Rose designed the posters. Sadri came up with the name "Lions led by donkeys", a common phrase referring to soldiers in the First World War who were led to their deaths by incompetent and indifferent leaders. They thought it well described the relationship between the British people and their Brexit leaders. Rose shortened it to #LedByDonkeys. They had the five tweets printed at billboard size. The activists bought a ladder, high-visibility jackets to look legitimate, a bucket, a roller and wallpaper paste. On the night of 8 January 2019 they illegally plastered the David Cameron tweet over a finance advert on a billboard on the A10 in Stoke Newington. They posted a photo of the billboard to their new Twitter account, and asked journalist Marina Hyde of The Guardian to retweet it; this soon resulted in hashtag #LedByDonkeys trending on Twitter. Within a day, their billboard poster had been plastered over with blue paper.

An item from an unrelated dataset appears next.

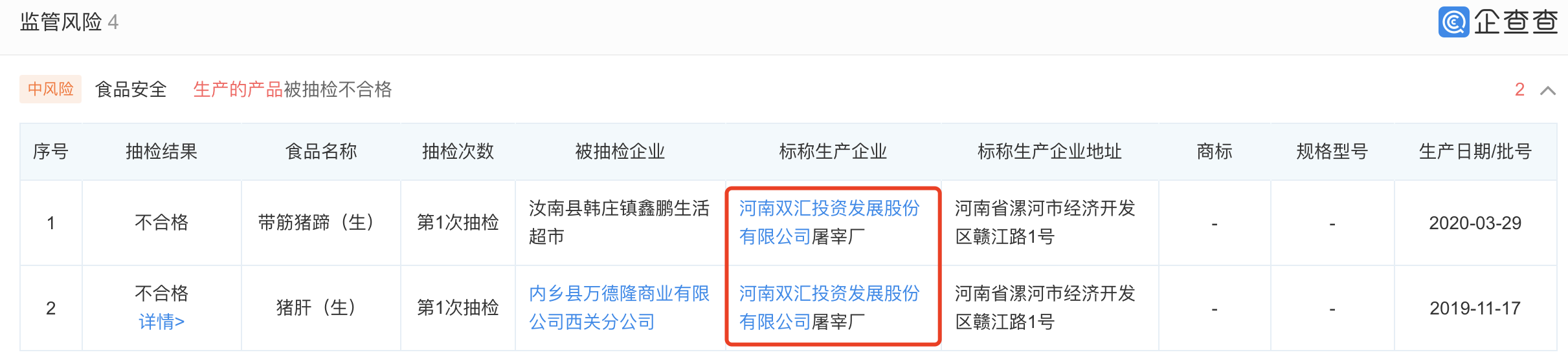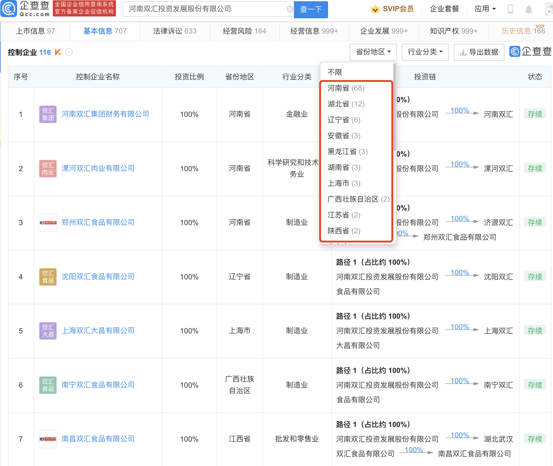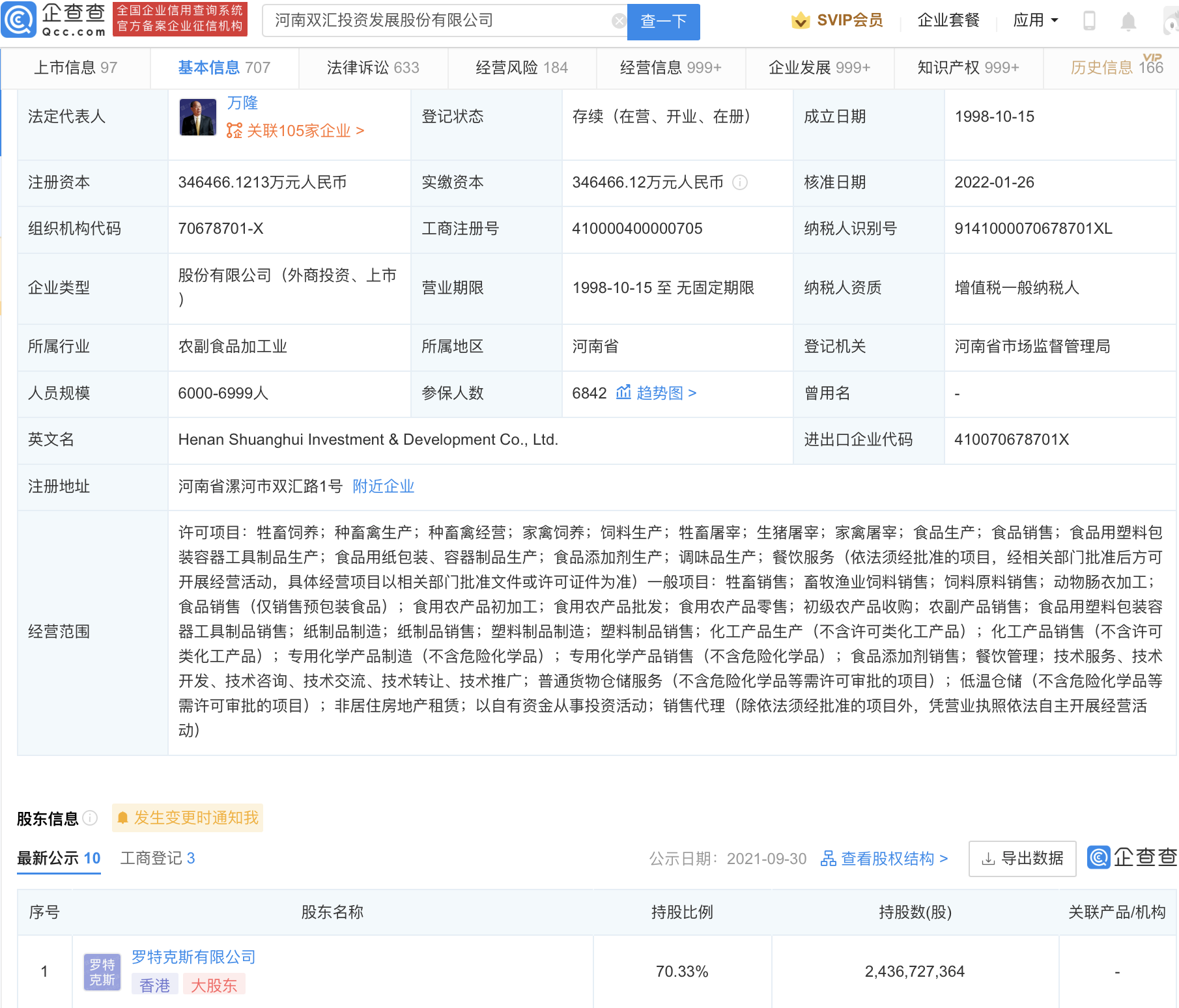 企查查APP显示,双汇是一个肉类加工基地,形成了养殖、饲料、屠宰、肉制品加工、新材料包装、冷链物流、连锁商业等完善的产业链,年产销肉类产品百万吨,拥有近百万个销售终端。双汇发展(000895)成立于1998年,法定代表人为万隆,注册资本34.65亿元人民币,其大股东为罗特克斯有限公司,持股70.33%。企查查信息显示,双汇发展控制企业达116家,省份地区涉及河南、湖北、辽宁、安徽等,行业分类包括金融业、科学研究和技术服务业、制造业等。双汇发展曾于2019年、2020年被检出生产的产品不合格,此外,其多家全资子公司生产的产品也曾被抽检不合格。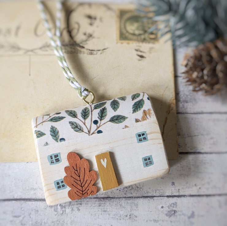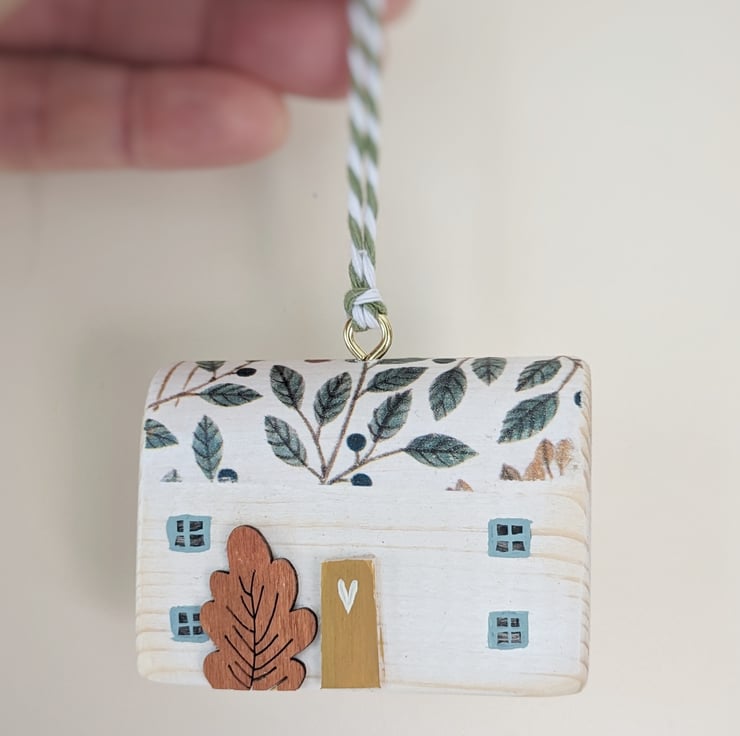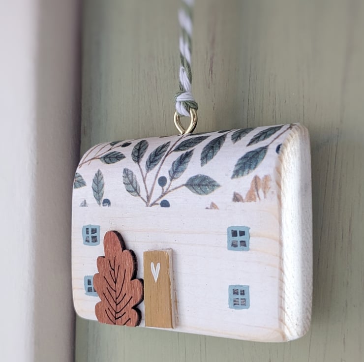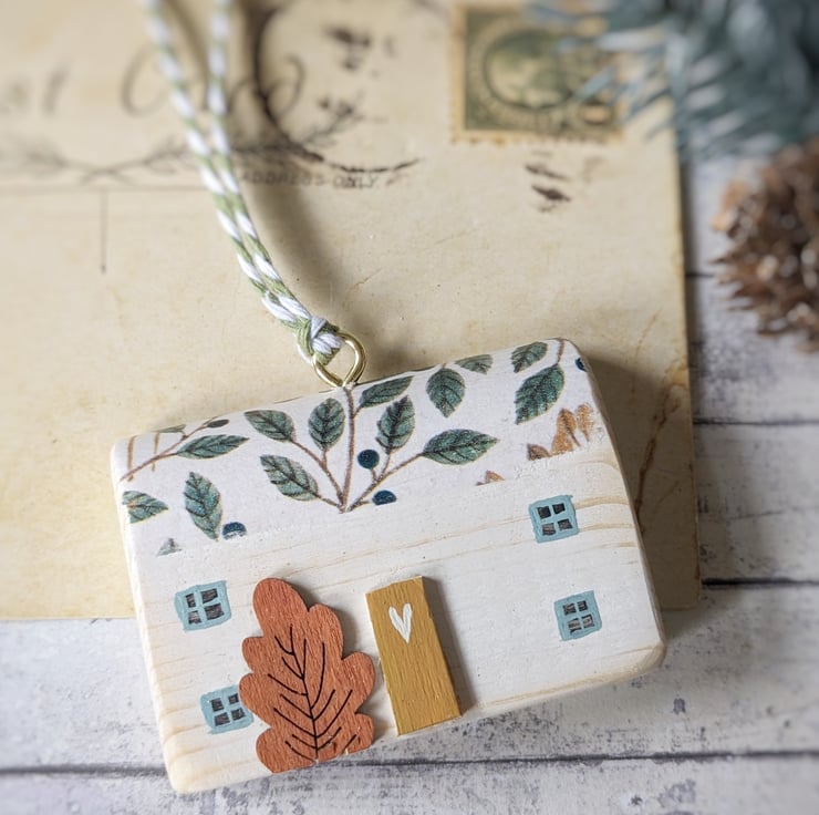 Hand painted with teeny windows and a wooden front door these one of a kind houses are ready to hang.

In the time between their day jobs and their family life, at night the group illegally pasted the other four original tweets on billboards around London. The group stated that one of their aims was to spark a discussion amongst Leave voters about the promises of the leading Brexiteers. They therefore chose Dover, a pro-Brexit constituency, as their next location. They selected four additional historical Brexiteer statements, partially from suggestions made by their social media followers, among which was Dominic Raab's 2018 statement "I hadn't quite understood the full extent of this but ... we are particularly reliant on the Dover-Calais crossing". On 16 January 2019 the group tweeted photos of the four Dover billboards, along with the message "A busy night on the Brexit frontline. We've covered Dover in the historic quotes of the people responsible for this chaos. Britain is a nation #LedByDonkeys." The group later stated that this was the moment when they went viral. The next day all four posters were removed by the billboard company.